Records from a collection:
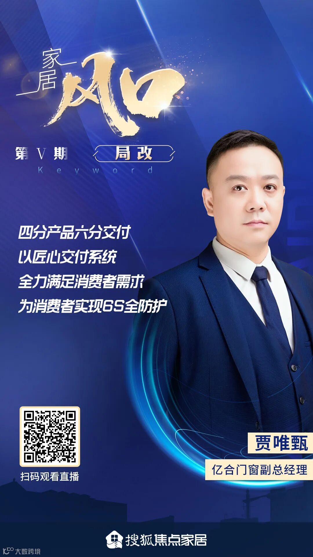 6月10日,搜狐焦点家居原创栏目《家居风口》聚焦“局改”,亿合门窗副总经理贾唯甄作为行业代表,与苏米厨集成灶董事长崔金磊,瑞博文·融发装饰总经理汤谨宾、圣伯雅墙板总经理杨波、新豪轩门窗总裁冯佐星等嘉宾共同展开对话,纵论“局改”。
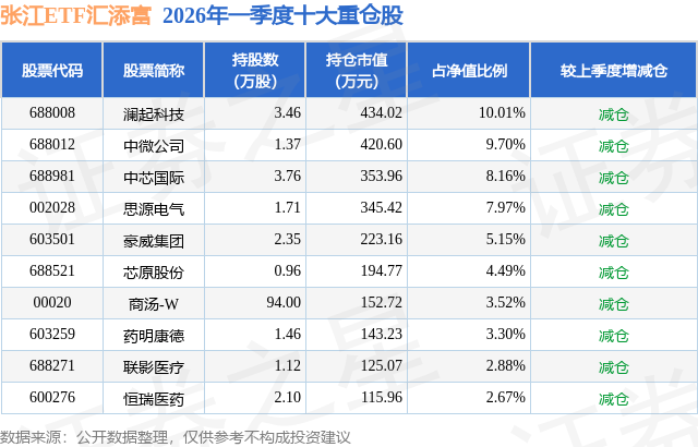 证券之星消息,日前张江ETF汇添富基金公布一季报,2026年一季度最新规模0.43亿元,季度净值涨幅为-3.35%。
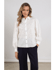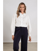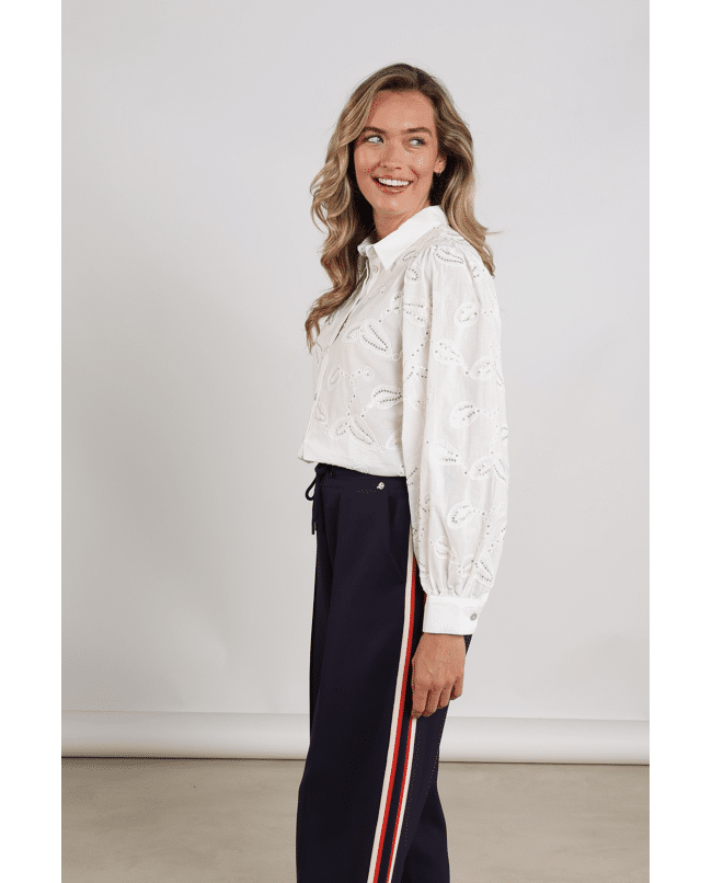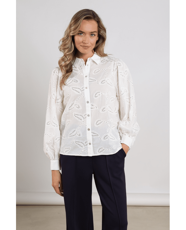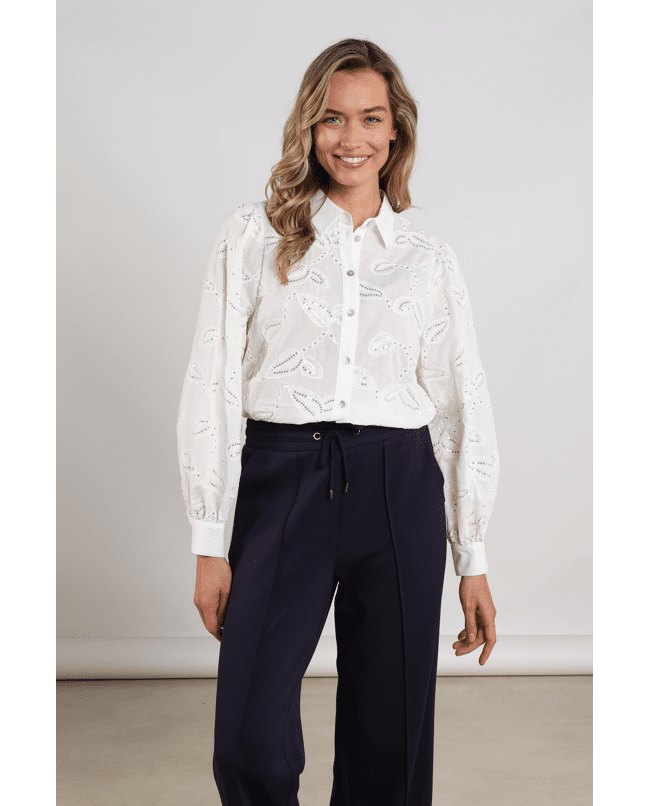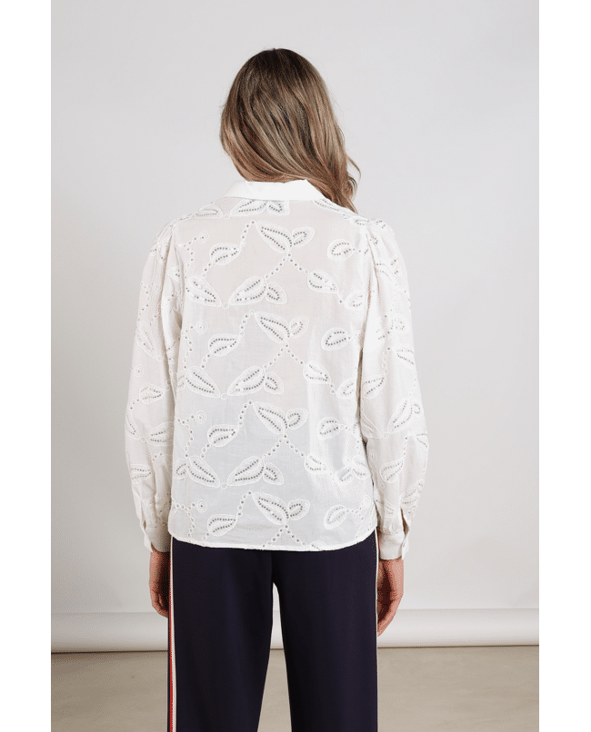 De klassieke kraag en doorknoopsluiting zorgen voor een tijdloze basis, terwijl het borduurwerk een vrouwelijke twist geeft.
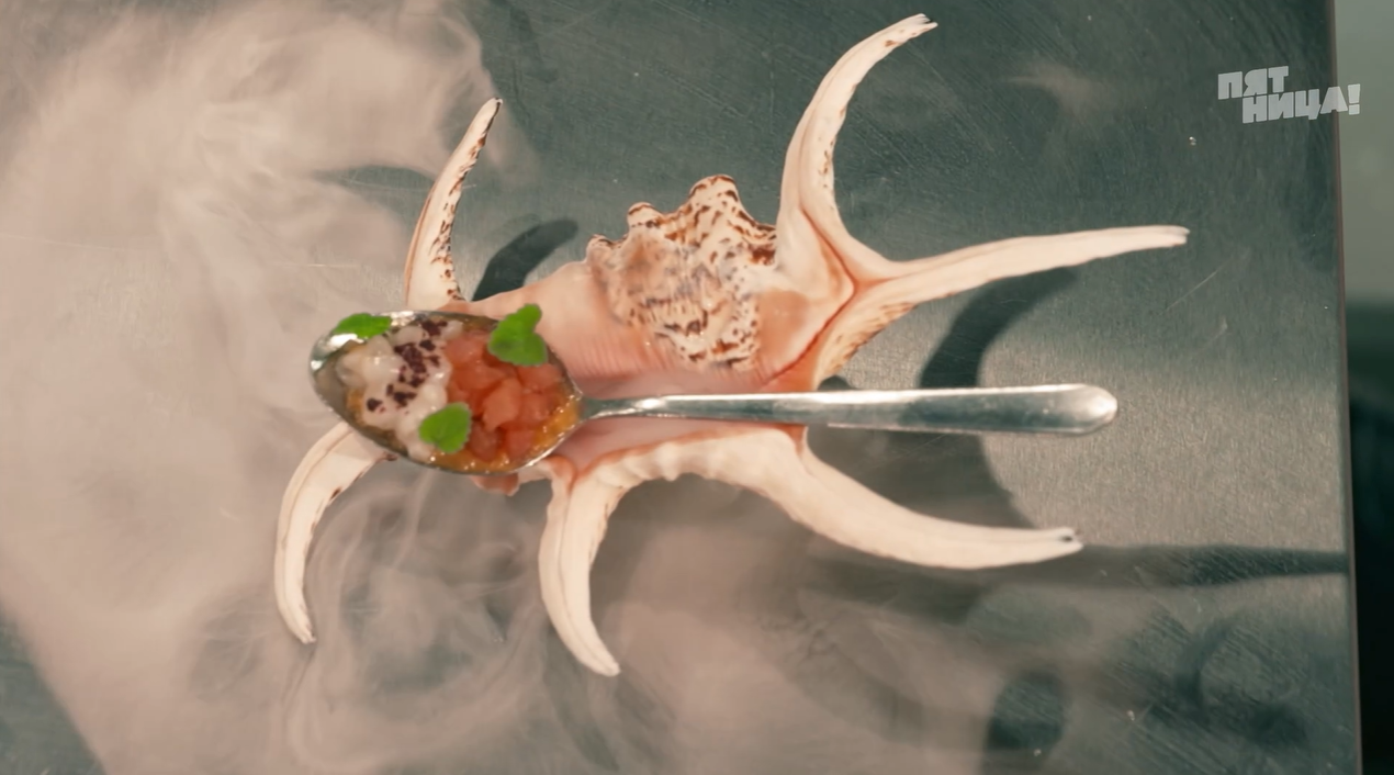 На седьмом этапе ключевыми были необычные тарелки, под которые требовалось приготовить блюдо. Якубову выпала ракушка, и он подал в ней тартар из гребешка и тунца. Константин Ивлев лишь попробовал угощение и ушёл, но ангарчанин прошёл дальше.
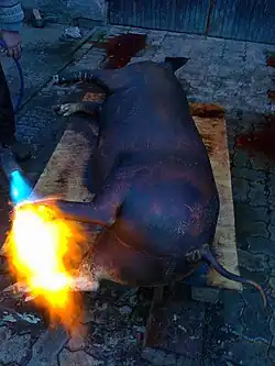 На стол может подаваться специально приготовленная целая свинья как отдельное блюдо (поросёнок). Стол может украшать свиная или кабанья голова (особенно на Пасху).
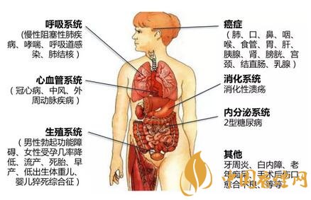 吸煙和疾病的關(guān)聯(lián)體現(xiàn)在方方面面,其中以癌癥、呼吸系統(tǒng)疾病以及心血管疾病最為常見(jiàn)。
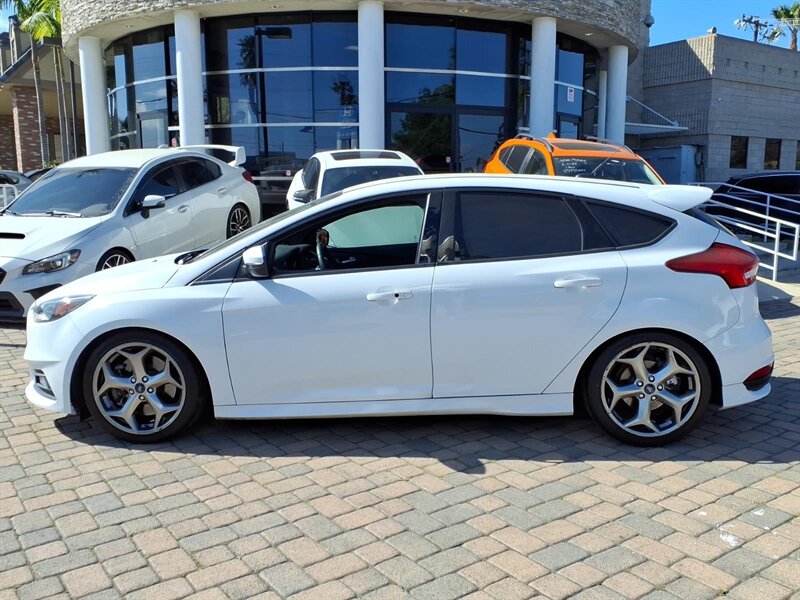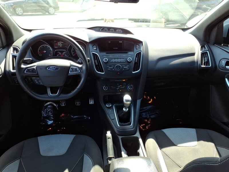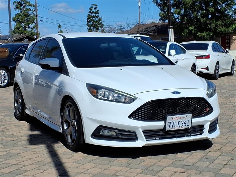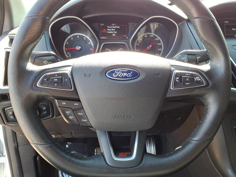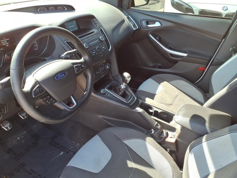 Bright Oxford White on the outside with a Charcoal Black, sport-bolstered interior — this 2016 Ford Focus ST is a zippy hot-hatch powered by the 2.0L EcoBoost Turbo I4 (252 hp, 270 lb-ft) mated to a sporty 6-speed manual for an engaging drive. Factory-equipped for performance and everyday comfort with a sport-tuned suspension, limited-slip differential, upgraded performance brakes, dual exhaust and 18" alloy wheels, plus ST body styling and badging. The cabin offers supportive bolstered seats, power windows and locks, cruise control, air conditioning, steering-wheel audio controls and Bluetooth/USB/Aux connectivity, with standard safety systems like ABS, traction and stability control and multiple airbags. Excellent ownership history with under 66,000 miles (averaging <6,000/yr) and great efficiency at about 22 MPG city / 31 MPG highway — fun, practical, and ready to drive!
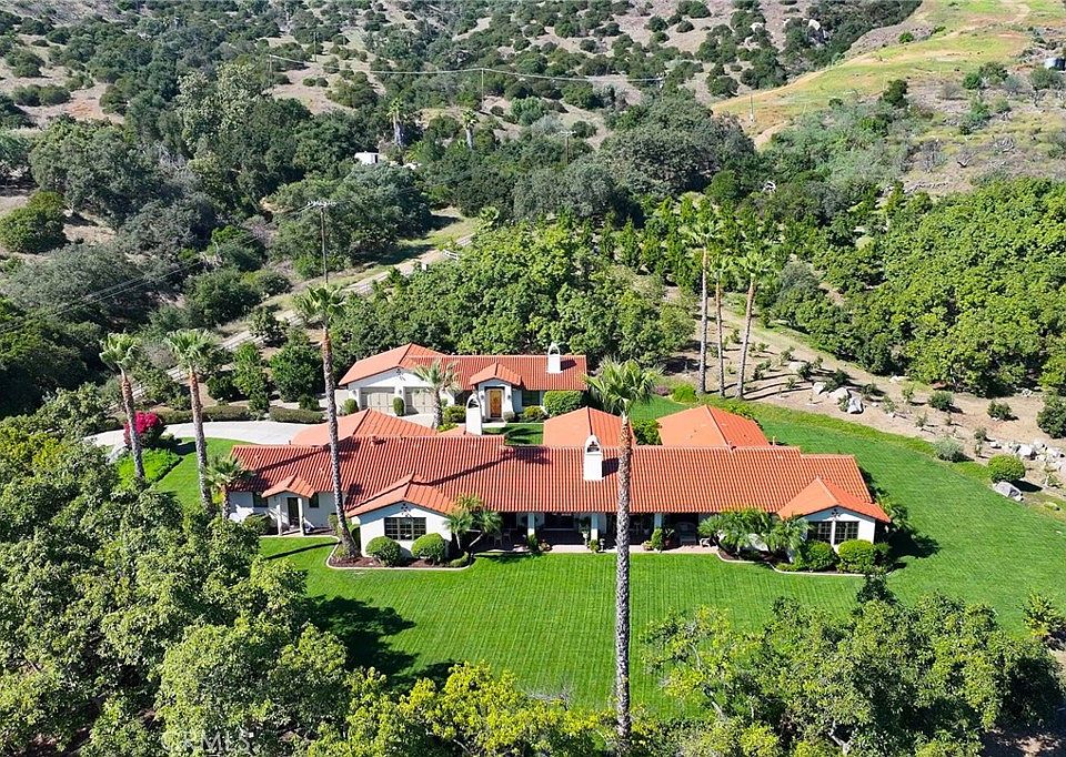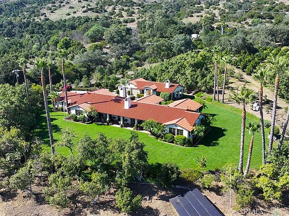 HUGE OPPORTUNITY- AND YOU DON'T NEED TO BE A VET TO ASSUME THIS VA LOAN AT 2.25%! EXQUISITE Single-Story Hacienda Style home nestled in the picturesque De Luz area, offering a serene and luxurious lifestyle on 11.96 sprawling acres. This property is a TRUE paradise, boasting a meticulously maintained Primitivo varietal vineyard and charming guest house. Step into the main house and notice the stunning floor plan- an ENTERTAINER'S DREAM- with an open Living room~ dining room concept where the warm tones seamlessly blend with the natural surroundings visible through 4 sets of French doors opening to MASSIVE terrace. Just off the living room a library suited for the book connoisseur. The heart of the home is the gourmet kitchen, a culinary enthusiast's dream featuring top-of-the-line Viking appliances. Whether a cozy family dinner or a GRAND soirée, this kitchen is fully equipped to cater to your every culinary desire. The main house is comprised of TWO spacious suites designed to provide comfort and tranquility. The Master Bedroom offers a separate en-suite perfect for a nursery or office and opens to the terrace. Master suite also offers an oversized luxurious bathroom, offering an oasis of privacy and relaxation. The Junior suite boasts a large seating area as well as a separate private bathroom. The powder room is elegantly appointed, ensuring guests enjoy the utmost in sophistication. As you step outside through the French doors just off the dining area, a sprawling outdoor haven awaits just across the pool sized yard. The VINEYARD, a labor of love, graces the landscape and offers not only a visual feast but also the potential for crafting your own wines. The gentle rustling of leaves and the sweet fragrance from the family orchard create an enchanting atmosphere, making it an ideal space for leisurely strolls or al fresco gatherings. The guest house is a delightful gem of its own, offering a perfect blend of comfort and independence. This retreat ensures your guests feel welcomed while maintaining their privacy. Whether utilized as an in-law suite, artist's studio, office or income producing rental, the possibilities are endless. The property is adorned with Avocado Trees as well as Golden Nuggets Mandarins. In the De Luz area, where nature's beauty unfolds in every direction, this property stands as a testament to the harmonious coexistence of luxury and nature. Home features paid off solar-with 16 double sided panels.
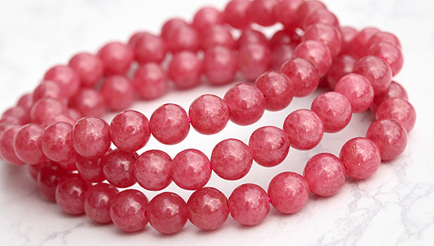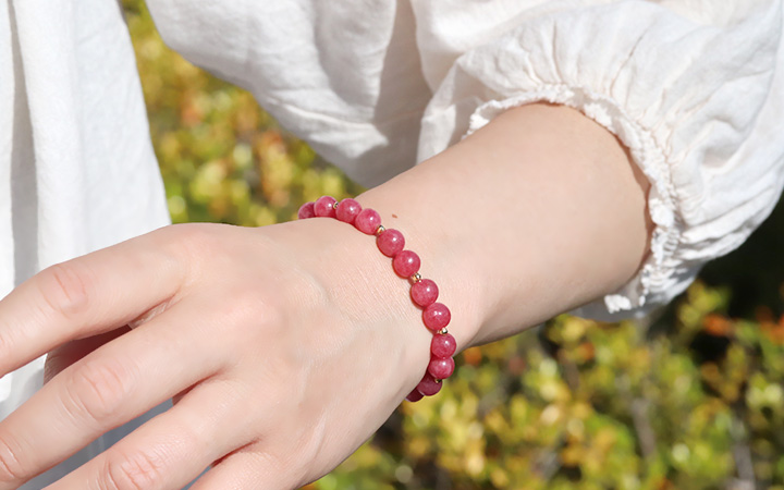 ギリシャ語でバラを表す「rhodon」が名前の由来であり、さらには和名も「バラ輝石」と、バラという単語と縁が深いロードナイトは、その名の通りバラ色をした
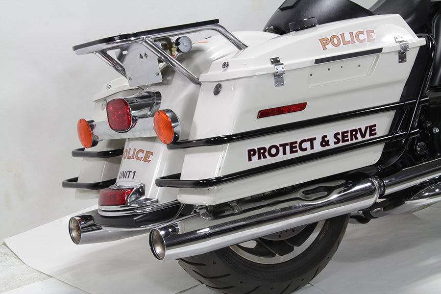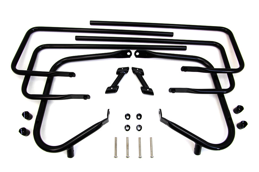 Black saddlebag guard kit is complete with left and right components for OEM type installation.
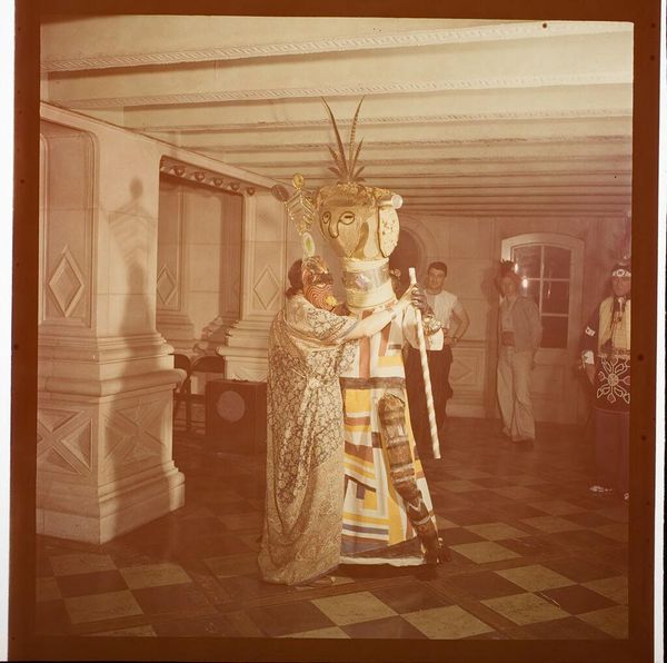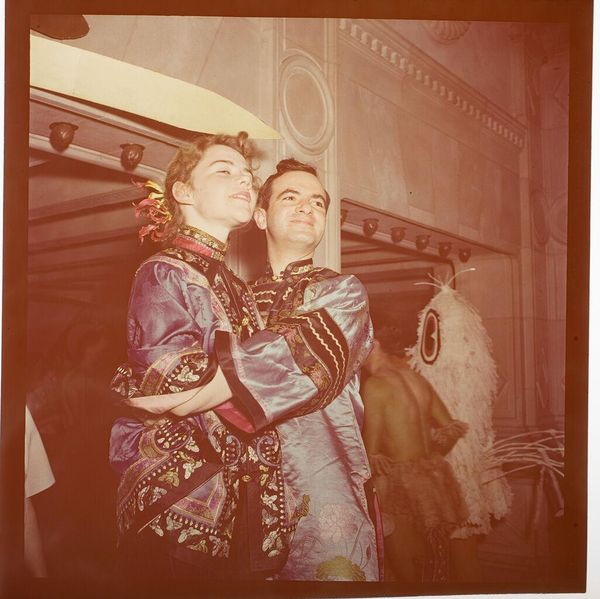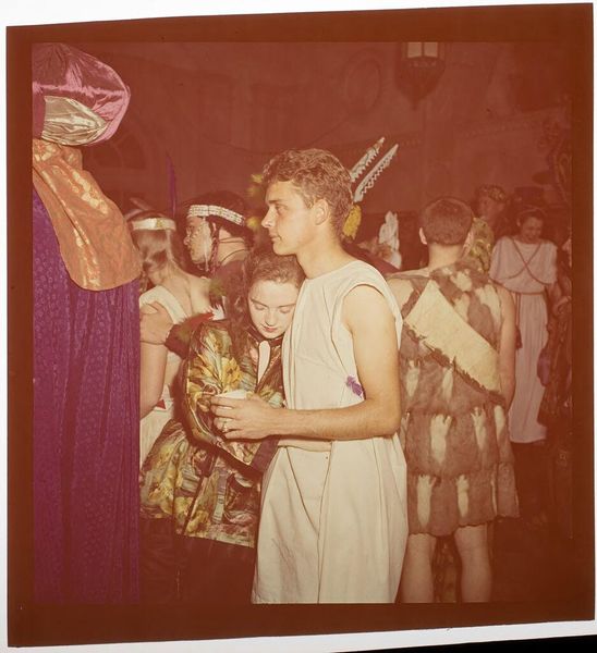 Curator: This is an untitled photograph by Jack Gould, part of the Harvard Art Museums collection. It shows people in costume at a Beaux Arts Ball, with some dressed in Native American and Hawaiian attire. Editor: My first impression is a certain awkwardness. The composition feels very posed, and the color palette, while vibrant, adds to the overall slightly unsettling mood. Curator: Indeed. The photograph’s power resides in its capturing of a specific moment in time, revealing the complex social dynamics around cultural appropriation and representation. We are prompted to question the colonial gaze inherent in such displays. Editor: Absolutely. The costumes themselves, with their inaccurate and stereotypical portrayals, demonstrate a superficial understanding of diverse cultures. The photograph serves as a stark reminder of the historical insensitivity that continues to affect contemporary society. Curator: Yet, from a formal perspective, the composition is striking, with the figures arranged in a manner that draws the eye across the frame, highlighting the contrasting textures and forms. Editor: Agreed. But it's impossible to separate the formal elements from the problematic content. It's a visual lesson in the power of context. Curator: A potent example of how art can provoke critical self-reflection.

- _TO DO_: Your output is the lines from the top of the entries through the line containing "De klassieke kraag", exactly as they stand. No pictures belong in it.

- _THE COMPLETED TASK_:
 6月10日,搜狐焦点家居原创栏目《家居风口》聚焦“局改”,亿合门窗副总经理贾唯甄作为行业代表,与苏米厨集成灶董事长崔金磊,瑞博文·融发装饰总经理汤谨宾、圣伯雅墙板总经理杨波、新豪轩门窗总裁冯佐星等嘉宾共同展开对话,纵论“局改”。
 证券之星消息,日前张江ETF汇添富基金公布一季报,2026年一季度最新规模0.43亿元,季度净值涨幅为-3.35%。
 De klassieke kraag en doorknoopsluiting zorgen voor een tijdloze basis, terwijl het borduurwerk een vrouwelijke twist geeft.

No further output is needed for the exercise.